Science is not a clique

Science alone doesn't have all the answers to life.

By Yang Hu

Published November 7, 2010

About 50 years ago, the English physicist and novelist C.P. Snow delivered a lecture at the University of Cambridge titled “The Two Cultures and the Scientific Revolution.” This was his famous lament that “the intellectual life of the whole of Western society is increasingly being split into two polar groups,” with scientists on one side and the literary scholars on the other—a Core Curriculum nightmare.

C.P. Snow blames the literary scholars for perpetuating this “gulf of mutual incomprehension” by their sustenance of shameless ignorance of fundamental ideas like the Second Law of Thermodynamics when, according to Snow, this would be the scientific equivalent of blowing off Shakespeare. But when science is the basis of pieces like biologist Francis Crick’s “The Astonishing Hypothesis,” which claims that “your sense of personal identity and free will are in fact no more than the behavior of a vast assembly of nerve cells and their associated molecules,” it’s no wonder that science could seem unappealing, even standoffish, to anyone but the most die-hard natural scientists. Through provocative contributions like “The Astonishing Hypothesis,” which some opine vastly understates the substance of the human soul, science raises doubts in its adequacy as the single authority on truth. However, from scrutinizing works like “The Astonishing Hypothesis,” we pounced on scientific thought in general before examining any single discipline’s capacity to explain our humanity.

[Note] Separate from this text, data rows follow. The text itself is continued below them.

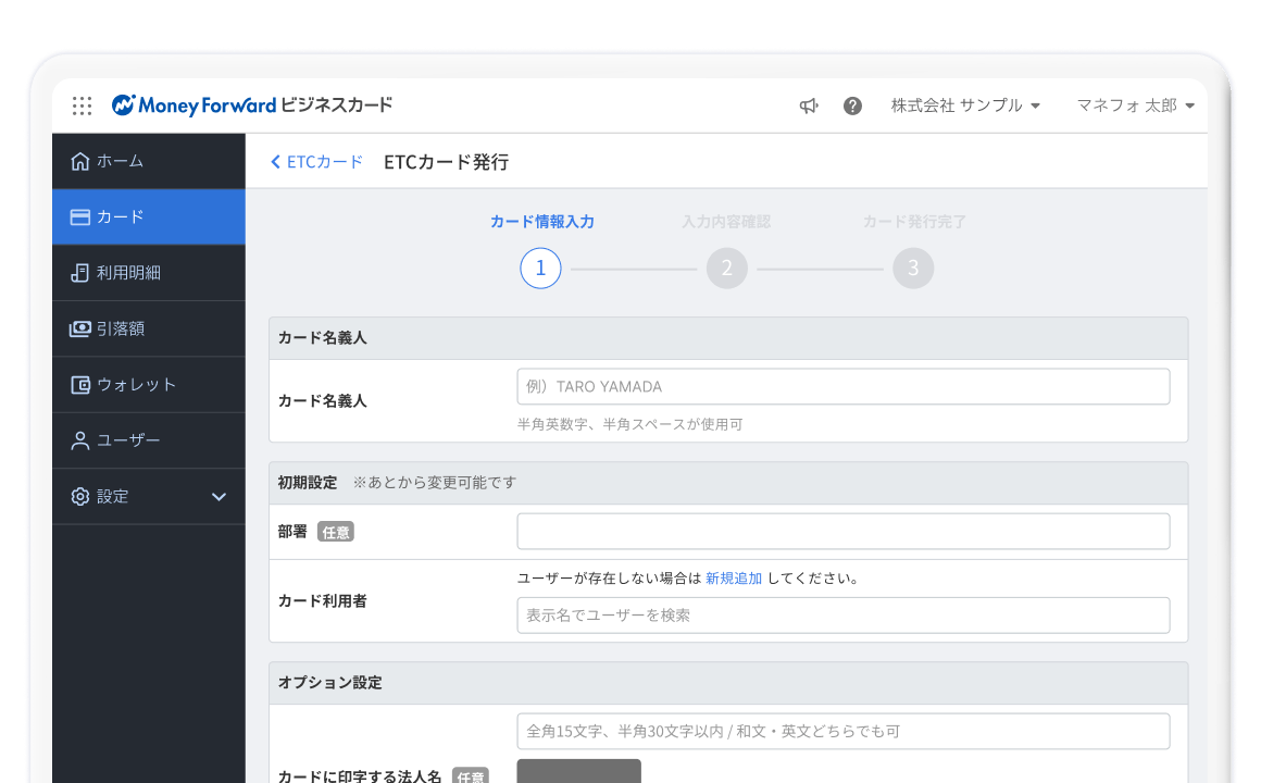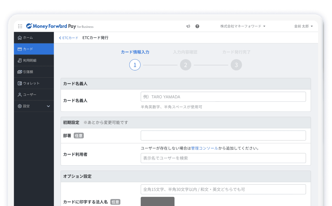 マネーフォワード ビジネスカードの管理画面からETCカード発行を申請します。
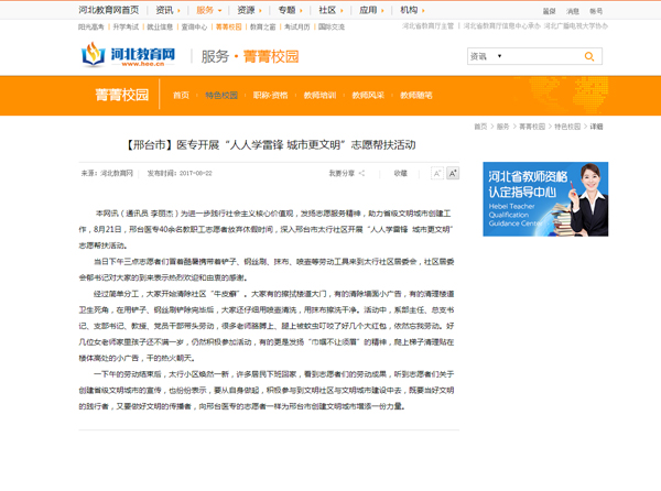 上一条:河北教育网报道:邢台医专召开中层干部工作会 强调加强党建 提振精神 推动学校事业上台阶
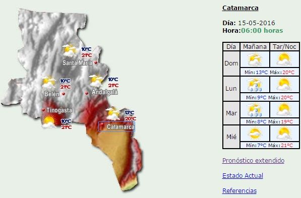 El pronóstico extendido del Servicio Meteorológico Nacional, prevé para los próximos días, temperaturas mínimas bastante bajas, que estarán en el orden de los 7°. Las máximas, en tanto, se ubicarán en torno los 21°. Para el lunes y martes se anuncian probabilidad de precipitaciones.

We did not hear, for instance, that much scientific progress comes from interdisciplinary accomplishments rather than from the achievements of disciplines in isolation. A recent article in The Economist describes how insights from the study of natural vision have helped advance the state of art in computer vision. The computer vision challenge has been to devise ways to construct scene awareness from a mere collection of pixels, and Yann LeCun, now at New York University, pioneered an approach that imitates certain aspects of our own visual cortex. I also know a linguistics student, who to Snow would probably be more like a literary scholar, who contributes to natural language processing at our Center for Computational Learning Systems. The deep and narrow approach to problem solving has lost some potency.

Therefore, the monochrome attempt by “The Astonishing Hypothesis” to explain human identity demonstrates its own anachronism as much as it hints at science’s limitations. Regardless of what science can or cannot answer at the moment, the dedication of people who live to seek better answers should at least deserve the benefit of the doubt. Science has shown us where difficulties lie, and so far it’s been science that has addressed them. Science’s current shortcomings don’t bind its potential.

Reaching out to Snow’s literary scholars and not restricting our associations with science to the world of computers, test tubes, and particle accelerators would be a step toward realizing science’s full potential. Especially at Columbia, no student should feel caught in a crossfire between Frontiers of Science haters and Literature Humanities rebels or even fire the shots to start. Harboring frustration is understandable, but having it devolve into this recent divide, postured as debate but identified by how science is pitted against nebulous alternatives, incarnates Snow’s unfortunate vision where, in the face of difficulty, one concedes to science’s constraints before inviting more participation. If Snow couldn’t guess that our new divide was sparked by a scientist, what would that say about the severity of the nightmare in the school of the Core Curriculum?

No one should wait for a breakthrough in any scientific field to better understand our humanity—such a profound achievement takes scientific effort from all human disciplines, literature not excepted. It might be in the mold of the literary scholar to continue the journey to truth from Crick’s hypothesis by posing, say, this simple but scientifically spirited rejoinder: Though many animals are similarly endowed with vast neural networks, why do no other animals on this earth write?

The author is a Columbia College junior majoring in computer science and statistics.